Well, I will try the Dawn---if he gets dried out, then I'll try some mineral or veg. oil.

He seems very happy here and he and my other boar were really talking up a storm through the fence last night!


----------



## Goatherd (Apr 28, 2012)

> He seems very happy here


How could he not?  It sounds as if his life has improved 10 fold living with you!


----------



## drdoolittle (Apr 28, 2012)

Yes, I think his life is MUCH improved!  Not that I'm bragging or anything.......  I was so determined to get this little guy (mainly because he is not castrated and the other 20 or so people who had called about him wanted a housepet.  I haven't bathed him yet (kind of rainy and chilly)----I'll probably do it tomorrow since it will be in the 60s and sunny.
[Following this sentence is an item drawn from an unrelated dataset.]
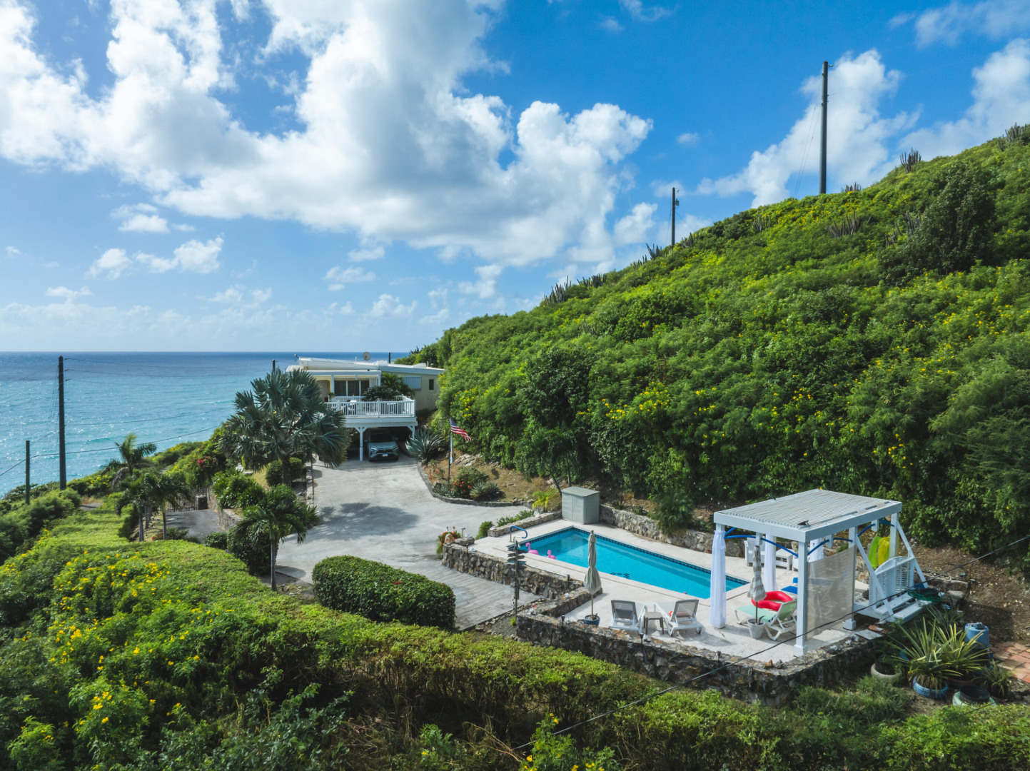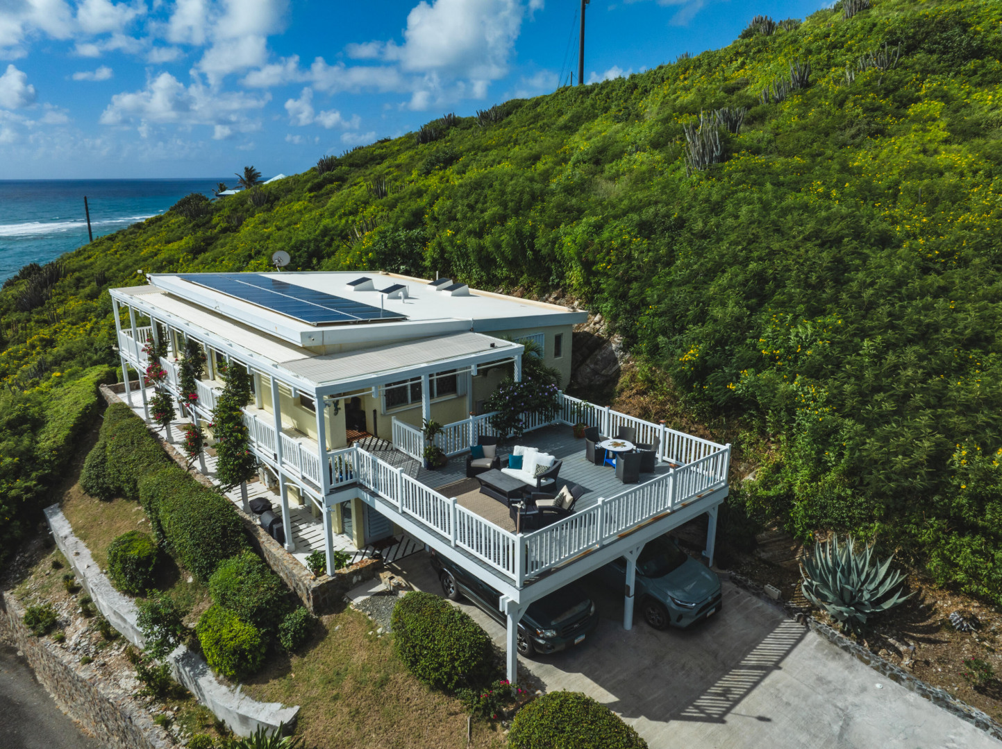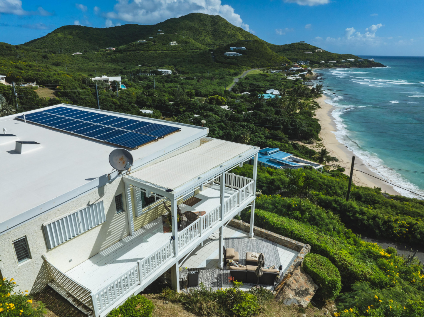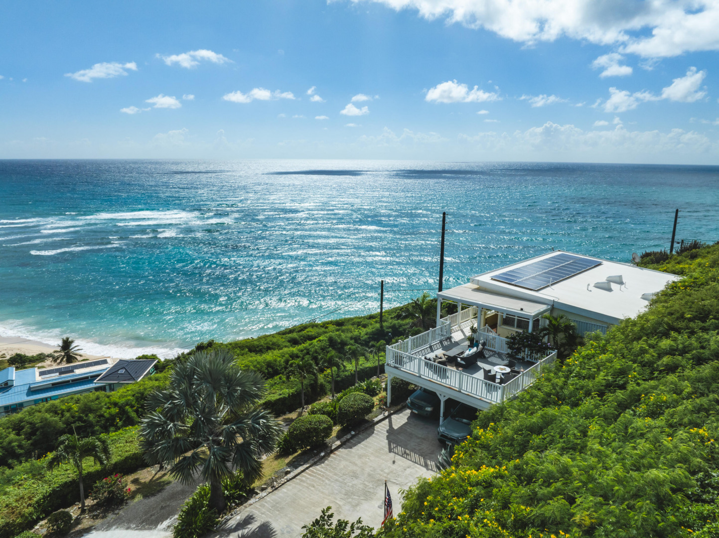 Your Caribbean Dream Starts here! Picture-perfect 2-bedrooms, 2.5 baths with a 1-bedroom, 1-bath apartment, located on large 3/4 acre lot with panoramic South Shore Sea views - directly across the street from a white sandy beach! This home also features a concrete pool w/ cabana & Travertine tile pool patio, gated entrance, 2-car car port, wrap around Trex deck, Laundry/Mechanical room w/ half-bath, 24 solar panels (6800 watts) w/ 6 batteries (24KW), Split A/C's, accordion shutters, dual main bedrooms each with en-suite baths and adjoining bonus rooms, 2 cisterns (29K gallons), energy efficient sliding glass doors. The apartment with its own private entrance, gallery & patio is a 5-star rated VRBO rental - booked throughout the season!

Oh, these people and I were talking and now they want to get full-size farm hogs and goats to raise----WTH?!?  They said they would be interested in getting a goat kid from me when mine are born-----NOT.  They're young, and not thinking practically.  They really need to be outside the town limits before they get any livestock.


----------



## Cornish Heritage (May 1, 2012)

> They really need to be outside the town limits before they get any livestock.


Animals are great for kids & everyone to learn about BUT parents need to know how much work is involved first so they can teach their kids. If they are inside city limits they could in some BIG trouble if they bring pigs in. Like with all animals, piglets are cute but they soon grow up to be BIG.

Liz


----------